## Aim of the exercise
From the entries below, please output exactly the lines starting at the one containing "பகுதி (பக்கம் எண்)" and ending at the one containing "为进一步推动文明典范城市创建", both included.

## Data to process
☆ ☆ ☆
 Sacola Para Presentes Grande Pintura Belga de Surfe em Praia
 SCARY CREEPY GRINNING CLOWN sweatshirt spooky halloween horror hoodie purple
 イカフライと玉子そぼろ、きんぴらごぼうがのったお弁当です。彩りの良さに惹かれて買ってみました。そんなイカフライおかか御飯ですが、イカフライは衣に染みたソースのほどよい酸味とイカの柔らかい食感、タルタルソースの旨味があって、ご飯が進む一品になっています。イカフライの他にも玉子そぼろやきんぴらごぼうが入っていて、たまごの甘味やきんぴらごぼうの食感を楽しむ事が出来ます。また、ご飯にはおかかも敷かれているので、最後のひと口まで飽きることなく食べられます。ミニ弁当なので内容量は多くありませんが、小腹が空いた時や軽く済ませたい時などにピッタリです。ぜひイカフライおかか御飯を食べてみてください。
☆ ☆ ☆
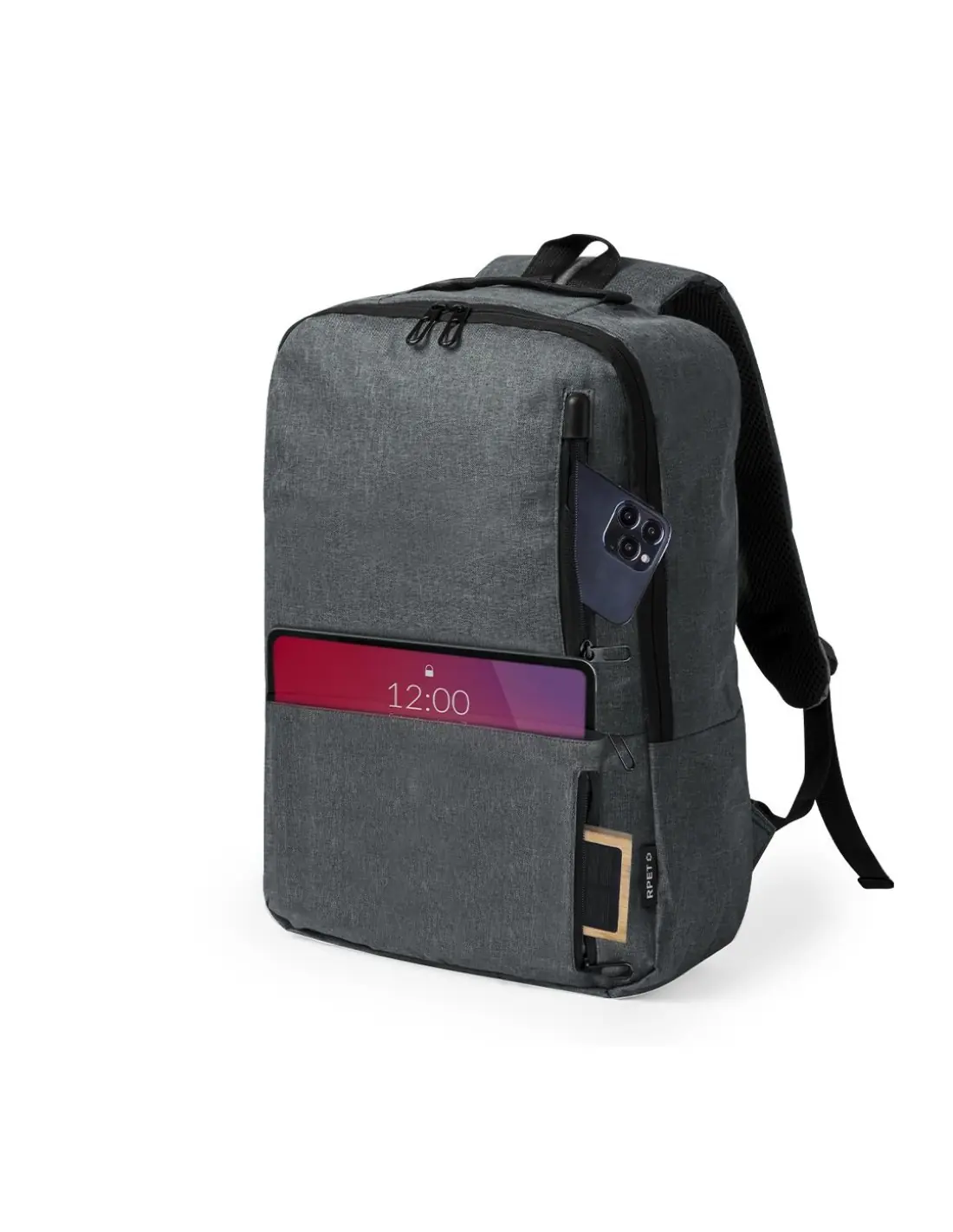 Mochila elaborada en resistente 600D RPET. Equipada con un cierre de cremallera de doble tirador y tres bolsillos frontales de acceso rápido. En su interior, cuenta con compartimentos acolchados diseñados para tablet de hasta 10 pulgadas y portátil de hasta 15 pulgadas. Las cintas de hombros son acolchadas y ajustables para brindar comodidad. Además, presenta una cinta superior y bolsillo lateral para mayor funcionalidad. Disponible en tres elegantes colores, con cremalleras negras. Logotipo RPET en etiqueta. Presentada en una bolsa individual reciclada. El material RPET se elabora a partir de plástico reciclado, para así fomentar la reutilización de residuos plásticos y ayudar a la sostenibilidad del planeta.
☆ ☆ ☆
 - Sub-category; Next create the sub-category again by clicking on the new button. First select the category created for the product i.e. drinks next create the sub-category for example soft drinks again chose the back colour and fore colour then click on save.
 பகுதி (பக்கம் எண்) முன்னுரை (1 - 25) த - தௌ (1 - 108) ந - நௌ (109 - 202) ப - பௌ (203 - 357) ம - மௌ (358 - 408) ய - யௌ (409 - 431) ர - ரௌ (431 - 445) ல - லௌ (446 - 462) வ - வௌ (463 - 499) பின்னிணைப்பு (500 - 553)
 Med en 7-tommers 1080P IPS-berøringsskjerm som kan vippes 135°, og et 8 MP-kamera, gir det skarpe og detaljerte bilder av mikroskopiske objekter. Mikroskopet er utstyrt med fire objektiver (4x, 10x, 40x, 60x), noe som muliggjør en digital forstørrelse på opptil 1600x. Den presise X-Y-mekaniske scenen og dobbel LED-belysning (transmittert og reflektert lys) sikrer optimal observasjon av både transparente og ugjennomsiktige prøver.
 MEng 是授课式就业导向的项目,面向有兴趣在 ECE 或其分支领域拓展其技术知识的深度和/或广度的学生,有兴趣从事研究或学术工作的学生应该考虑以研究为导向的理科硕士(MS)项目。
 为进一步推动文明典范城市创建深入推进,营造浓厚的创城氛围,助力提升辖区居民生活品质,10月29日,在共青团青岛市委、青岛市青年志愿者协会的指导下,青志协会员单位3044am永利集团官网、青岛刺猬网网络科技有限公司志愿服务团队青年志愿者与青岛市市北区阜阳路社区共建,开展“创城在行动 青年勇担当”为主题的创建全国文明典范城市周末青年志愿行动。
☆ ☆ ☆
## Output below
 பகுதி (பக்கம் எண்) முன்னுரை (1 - 25) த - தௌ (1 - 108) ந - நௌ (109 - 202) ப - பௌ (203 - 357) ம - மௌ (358 - 408) ய - யௌ (409 - 431) ர - ரௌ (431 - 445) ல - லௌ (446 - 462) வ - வௌ (463 - 499) பின்னிணைப்பு (500 - 553)
 Med en 7-tommers 1080P IPS-berøringsskjerm som kan vippes 135°, og et 8 MP-kamera, gir det skarpe og detaljerte bilder av mikroskopiske objekter. Mikroskopet er utstyrt med fire objektiver (4x, 10x, 40x, 60x), noe som muliggjør en digital forstørrelse på opptil 1600x. Den presise X-Y-mekaniske scenen og dobbel LED-belysning (transmittert og reflektert lys) sikrer optimal observasjon av både transparente og ugjennomsiktige prøver.
 MEng 是授课式就业导向的项目,面向有兴趣在 ECE 或其分支领域拓展其技术知识的深度和/或广度的学生,有兴趣从事研究或学术工作的学生应该考虑以研究为导向的理科硕士(MS)项目。
 为进一步推动文明典范城市创建深入推进,营造浓厚的创城氛围,助力提升辖区居民生活品质,10月29日,在共青团青岛市委、青岛市青年志愿者协会的指导下,青志协会员单位3044am永利集团官网、青岛刺猬网网络科技有限公司志愿服务团队青年志愿者与青岛市市北区阜阳路社区共建,开展“创城在行动 青年勇担当”为主题的创建全国文明典范城市周末青年志愿行动。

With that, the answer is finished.